Фарид стоит посреди притихших гостей, и его голос набирает силу, и вот уже звучит из самой глубины его существа:

– Ашхаду алля иляха илля Ллах, – говорит Фарид. – Ва ашхаду анна Мухаммадан абдуху ва расулюх.

Теперь Зульфакар понимает, что происходит. Фарид хочет привести неверных к Аллаху, он свидетельствует Его силу, могущество и милосердие. Зульфакару кажется, что тело Фарида исполнено ослепительного сияния, мощь и величие переполняют его. Ему кажется – он сам сейчас может отбросить костыль, ступать легко и без усилий, как ангелы ступают по воздуху. Зульфакар вспоминает мунаджат Аль-Халладжа, которому учил его Ахмед Хан:

Зульфакар набирает воздуха в легкие, чтобы запеть, но замечает, что люди в комнате сидят, смущенно потупившись. Ни один не повторил за Фаридом шахаду, ни один не принял Истинную Веру.

Вот это и придет после вашего конца истории, думает Клаус. Афганцы, иранцы, арабы. Для них Бог не умирал, они от больших нарративов не отказывались. Они готовы сражаться с коммунистами в Афганистане и взрывать дискотеки в Берлине. И поют они хорошо.

Будущее за вами, воины Аллаха! – думает Клаус и хочет даже подмигнуть Фариду, но не может поймать его взгляд.

О Аллах, всемилостивый и милосердный, безмолвно молится Зульфакар, я не могу больше здесь, в краю неверных. Позволь мне вернуться в горы, и пусть меня лучше убьют в моей земле, чем я дальше буду здесь петь Твои молитвы перед людьми, которые не верят в Тебя, не соблюдают Твоих заповедей, не признают Истинной Веры. Они так много говорят, но ничего не понимают. Я знаю, Ты послал меня сюда как воина веры, чтобы я нес им Твое слово, – но Ты видишь, из меня никудышный воин. Моя нога искалечена, мой дух слаб. Отпусти меня, дай мне вернуться домой, ведь дунья тир аст, жизнь проходит так быстро!

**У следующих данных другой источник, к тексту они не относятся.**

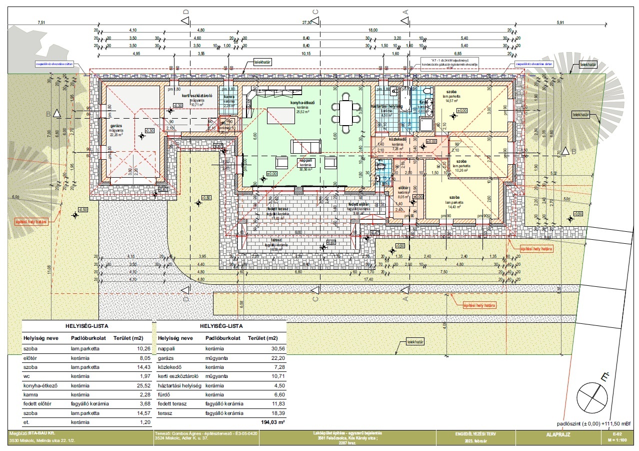 - Falazat: B30-as tégla, belső vakolattal, 10 cm tégla válaszfallal, Dryvit rendszerű külső hőszigeteléssel.

Ну да, жизнь проходит, гости начинают понемногу расходиться. Митя говорит Бетти: пойдем, я тебя провожу, а она отвечает: не надо, я сегодня здесь останусь; так что он опять уходит один-одинешенек, как в Варшаве и в Праге, никому не нужный неудачник, настырный умник из развалившейся империи.

Клаус заваривает еще чаю, Дик и Бетти взасос целуются на диване.

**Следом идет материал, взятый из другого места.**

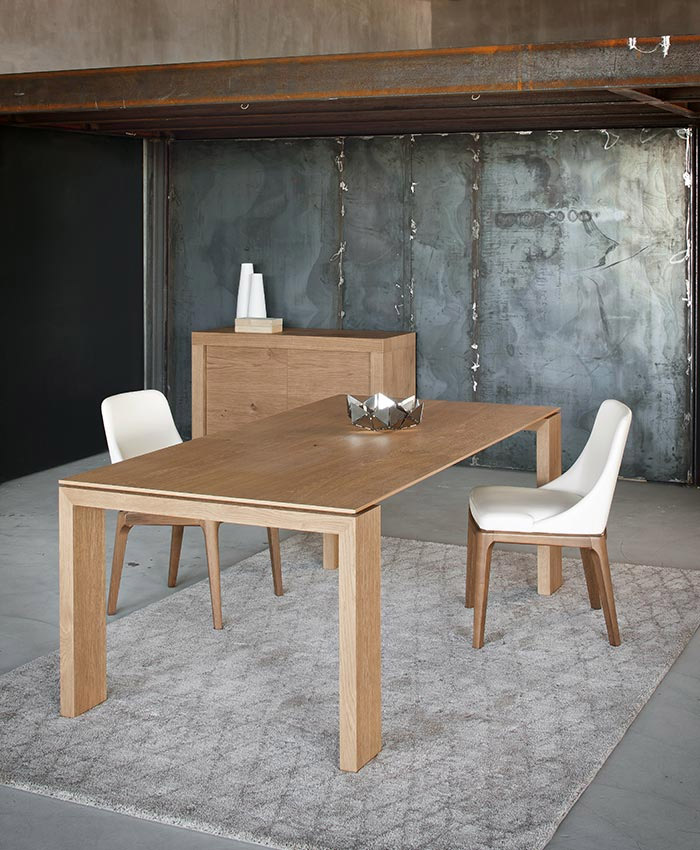 Atlante è un tavolo allungabile in legno con gambe a cavalletto e meccanismo di estensione in alluminio anodizzato.

Если Аллах во всем, думает Зульфакар, и в мире нет ничего, кроме Него, то для Него всё едино. И, значит, нет разницы между пуштунами и шурави, нет разницы между мусульманами и неверными.

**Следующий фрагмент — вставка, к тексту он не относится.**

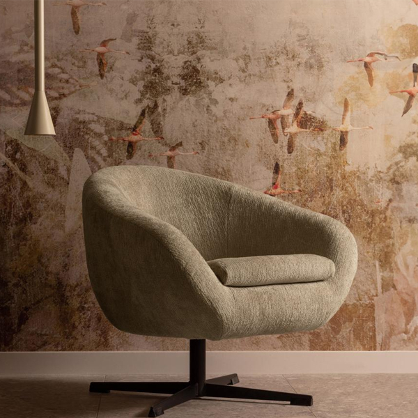 Deze zachte fauteuil Desert komt uit de collectie van BePureHome. Deze lichtgroene draaifauteuil heeft een retro design en is zeer comfortabel. Een robuust ontwerp met een bolvormige zitting.

Где-то в полутьме комнаты – вздохи и поцелуи, приглушенные голоса, звук льющейся воды. За окном – город, недавно разделенный, теперь – сшитый воедино, сшитый на живую нитку.

За окном – беспросветная берлинская ночь. Одними губами Зульфакар повторяет суру Аль-Фатиха, открывающую Коран:

* * *

Они стреляют, опустившись на колено, перебегая от одного горящего дома к другому, будто в самом деле ожидая ответного выстрела, будто веря, что здесь есть кто-то, кроме женщин и детей, кроме запаха гари и собственного пота, кроме обманчивой утренней свежести, стонов раненых, детского плача, разрывов гранат, одиночных выстрелов… двое тащат упирающуюся девушку, совсем молоденькую, лет пятнадцати, бросают на пригорок у въезда в деревню, один заламывает ей руки за голову, садится на них, другой разрывает платье и, разведя ноги в стороны, деловито насилует.

Звуки уходят один за другим: прекращаются стоны и плач, смолкают выстрелы, не слышно взрывов. Последним звуком угасает женский крик – это кто-то из подошедших запихал девушке в рот лоскут, испачканный землей и гарью. Слышно только сопение насильников, без единого слова сменяющих друг друга. Девушка затихает, разведенные колени не дергаются больше, и тот, кто придерживал руки, поднимается, чтобы занять свое место около развороченной промежности. Достав нож, тычет в женскую грудь – тело дергается в краткой мучительной судороге: а, значит, жива! Насильник опускается между раздвинутых ног и принимается за дело.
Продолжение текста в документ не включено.